__SOURCE DATA__.
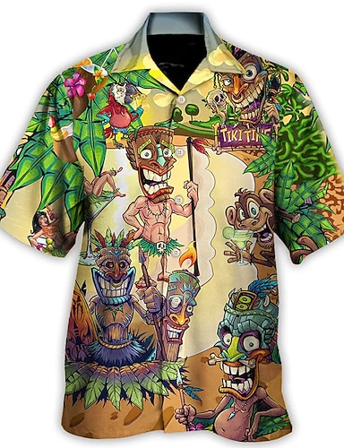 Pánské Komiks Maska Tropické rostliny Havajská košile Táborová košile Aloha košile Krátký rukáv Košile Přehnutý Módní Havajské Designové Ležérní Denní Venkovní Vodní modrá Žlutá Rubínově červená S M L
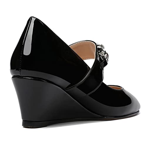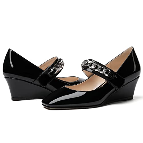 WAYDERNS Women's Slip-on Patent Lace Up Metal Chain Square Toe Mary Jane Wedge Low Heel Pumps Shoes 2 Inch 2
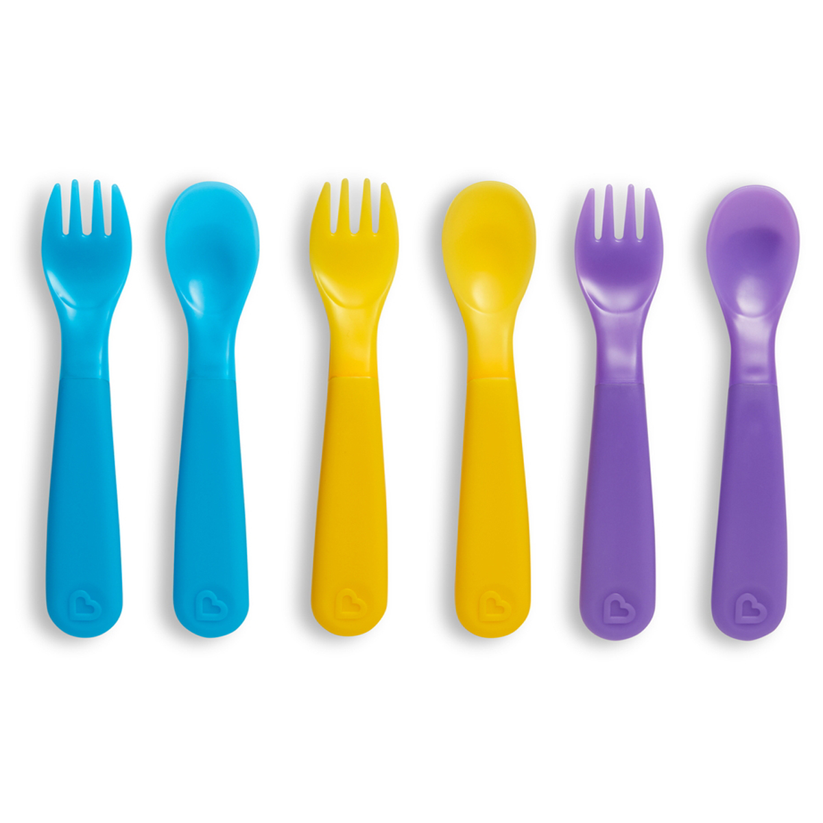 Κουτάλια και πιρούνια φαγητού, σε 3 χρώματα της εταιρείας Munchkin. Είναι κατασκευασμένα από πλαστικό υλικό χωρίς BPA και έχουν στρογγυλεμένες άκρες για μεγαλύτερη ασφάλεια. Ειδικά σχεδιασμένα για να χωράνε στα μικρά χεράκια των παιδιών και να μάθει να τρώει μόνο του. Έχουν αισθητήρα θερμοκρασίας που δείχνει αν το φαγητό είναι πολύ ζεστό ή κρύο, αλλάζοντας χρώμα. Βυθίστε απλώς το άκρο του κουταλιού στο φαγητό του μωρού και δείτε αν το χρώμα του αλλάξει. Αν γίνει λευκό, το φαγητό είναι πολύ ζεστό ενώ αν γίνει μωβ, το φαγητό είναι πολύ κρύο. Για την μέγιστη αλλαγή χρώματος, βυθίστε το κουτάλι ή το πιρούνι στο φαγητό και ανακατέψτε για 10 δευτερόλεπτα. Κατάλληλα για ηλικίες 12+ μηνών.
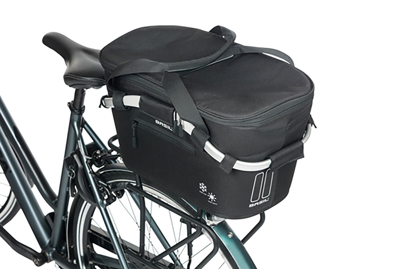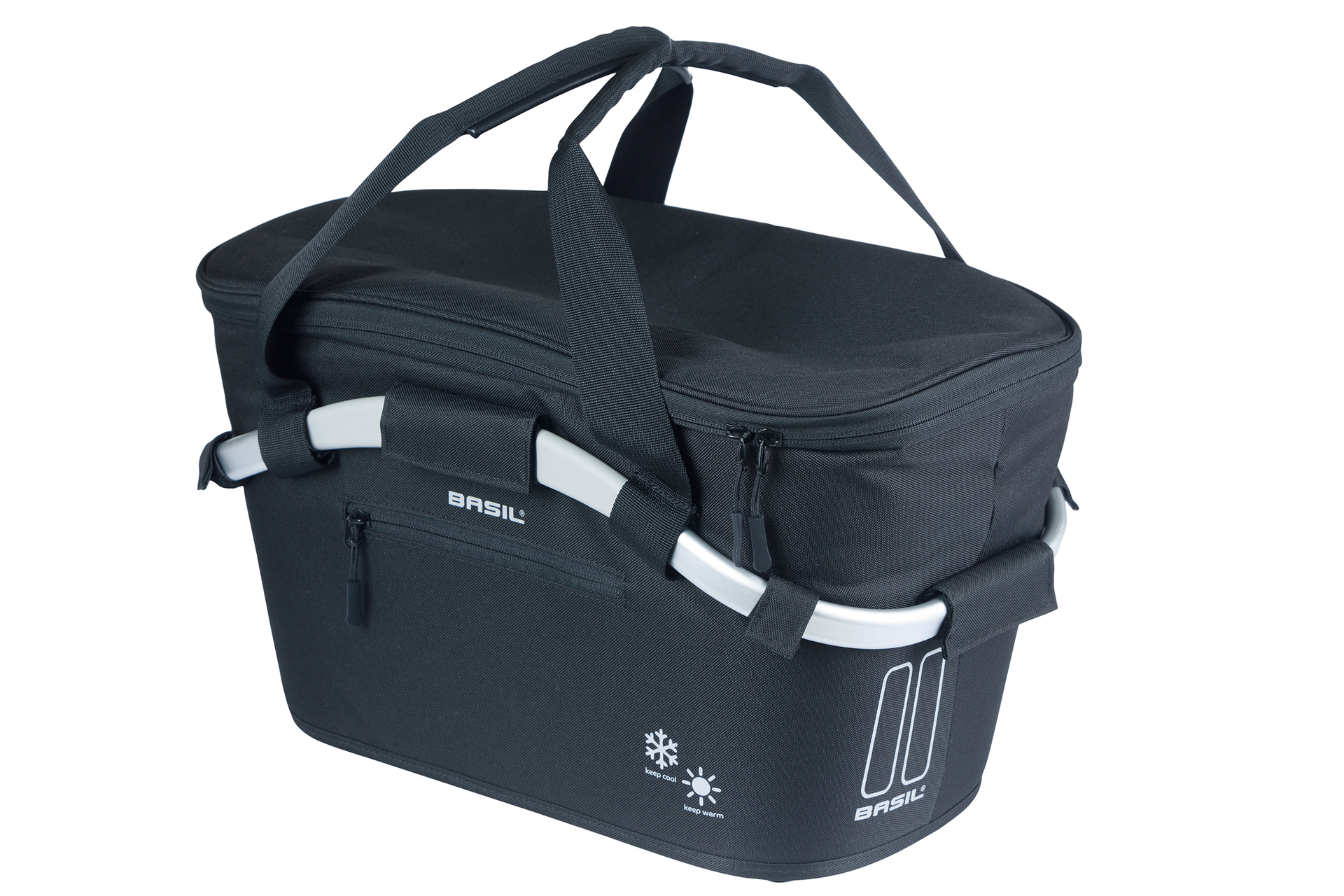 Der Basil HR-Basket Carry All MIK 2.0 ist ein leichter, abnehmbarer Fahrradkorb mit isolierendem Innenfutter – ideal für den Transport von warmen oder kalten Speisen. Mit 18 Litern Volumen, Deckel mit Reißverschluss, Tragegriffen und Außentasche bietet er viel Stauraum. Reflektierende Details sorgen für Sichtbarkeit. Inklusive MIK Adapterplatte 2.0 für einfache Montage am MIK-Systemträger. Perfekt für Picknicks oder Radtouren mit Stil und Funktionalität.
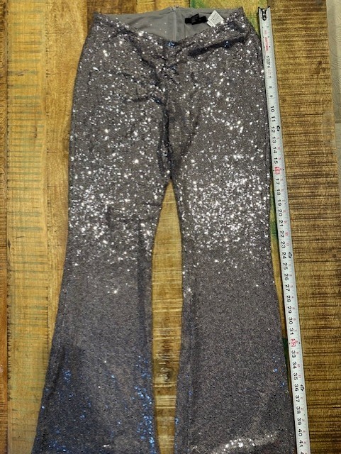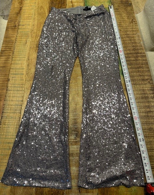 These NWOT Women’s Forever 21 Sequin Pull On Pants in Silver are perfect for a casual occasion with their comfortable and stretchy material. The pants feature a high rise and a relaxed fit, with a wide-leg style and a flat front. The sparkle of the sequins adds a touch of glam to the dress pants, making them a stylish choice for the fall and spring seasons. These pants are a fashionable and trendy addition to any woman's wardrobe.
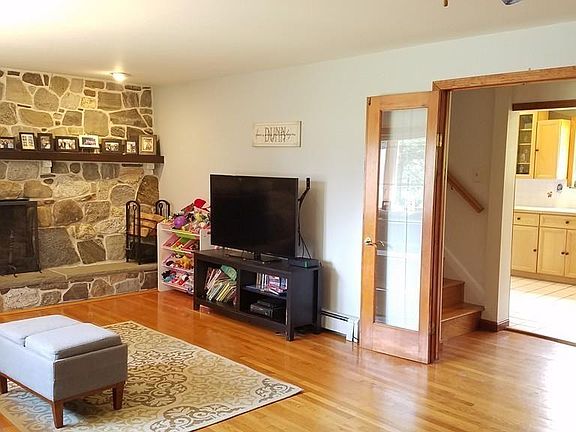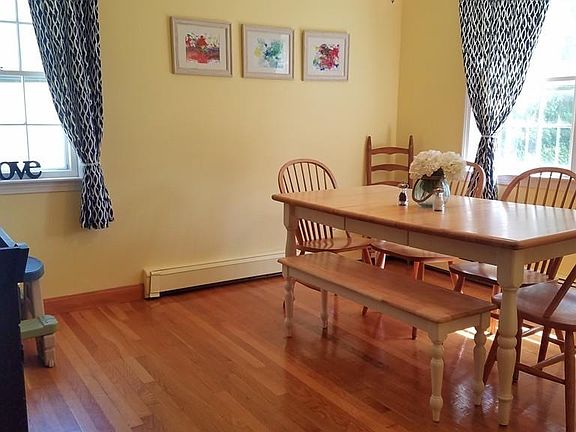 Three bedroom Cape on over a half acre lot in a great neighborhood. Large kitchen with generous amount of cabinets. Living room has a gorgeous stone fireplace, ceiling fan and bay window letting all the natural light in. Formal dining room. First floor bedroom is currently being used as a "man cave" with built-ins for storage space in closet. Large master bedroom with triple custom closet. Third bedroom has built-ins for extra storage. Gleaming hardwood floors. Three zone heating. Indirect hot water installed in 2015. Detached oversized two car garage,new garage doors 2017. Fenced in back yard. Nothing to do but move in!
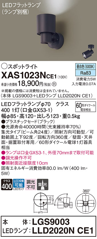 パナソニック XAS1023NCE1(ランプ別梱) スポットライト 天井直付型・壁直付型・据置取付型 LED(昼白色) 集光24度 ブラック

__ACTIVITY__.
Every line of the data above should be returned exactly, with the pictures removed.

__ANSWER BOX__.
 Pánské Komiks Maska Tropické rostliny Havajská košile Táborová košile Aloha košile Krátký rukáv Košile Přehnutý Módní Havajské Designové Ležérní Denní Venkovní Vodní modrá Žlutá Rubínově červená S M L
 WAYDERNS Women's Slip-on Patent Lace Up Metal Chain Square Toe Mary Jane Wedge Low Heel Pumps Shoes 2 Inch 2
 Κουτάλια και πιρούνια φαγητού, σε 3 χρώματα της εταιρείας Munchkin. Είναι κατασκευασμένα από πλαστικό υλικό χωρίς BPA και έχουν στρογγυλεμένες άκρες για μεγαλύτερη ασφάλεια. Ειδικά σχεδιασμένα για να χωράνε στα μικρά χεράκια των παιδιών και να μάθει να τρώει μόνο του. Έχουν αισθητήρα θερμοκρασίας που δείχνει αν το φαγητό είναι πολύ ζεστό ή κρύο, αλλάζοντας χρώμα. Βυθίστε απλώς το άκρο του κουταλιού στο φαγητό του μωρού και δείτε αν το χρώμα του αλλάξει. Αν γίνει λευκό, το φαγητό είναι πολύ ζεστό ενώ αν γίνει μωβ, το φαγητό είναι πολύ κρύο. Για την μέγιστη αλλαγή χρώματος, βυθίστε το κουτάλι ή το πιρούνι στο φαγητό και ανακατέψτε για 10 δευτερόλεπτα. Κατάλληλα για ηλικίες 12+ μηνών.
 Der Basil HR-Basket Carry All MIK 2.0 ist ein leichter, abnehmbarer Fahrradkorb mit isolierendem Innenfutter – ideal für den Transport von warmen oder kalten Speisen. Mit 18 Litern Volumen, Deckel mit Reißverschluss, Tragegriffen und Außentasche bietet er viel Stauraum. Reflektierende Details sorgen für Sichtbarkeit. Inklusive MIK Adapterplatte 2.0 für einfache Montage am MIK-Systemträger. Perfekt für Picknicks oder Radtouren mit Stil und Funktionalität.
 These NWOT Women’s Forever 21 Sequin Pull On Pants in Silver are perfect for a casual occasion with their comfortable and stretchy material. The pants feature a high rise and a relaxed fit, with a wide-leg style and a flat front. The sparkle of the sequins adds a touch of glam to the dress pants, making them a stylish choice for the fall and spring seasons. These pants are a fashionable and trendy addition to any woman's wardrobe.
 Three bedroom Cape on over a half acre lot in a great neighborhood. Large kitchen with generous amount of cabinets. Living room has a gorgeous stone fireplace, ceiling fan and bay window letting all the natural light in. Formal dining room. First floor bedroom is currently being used as a "man cave" with built-ins for storage space in closet. Large master bedroom with triple custom closet. Third bedroom has built-ins for extra storage. Gleaming hardwood floors. Three zone heating. Indirect hot water installed in 2015. Detached oversized two car garage,new garage doors 2017. Fenced in back yard. Nothing to do but move in!
 パナソニック XAS1023NCE1(ランプ別梱) スポットライト 天井直付型・壁直付型・据置取付型 LED(昼白色) 集光24度 ブラック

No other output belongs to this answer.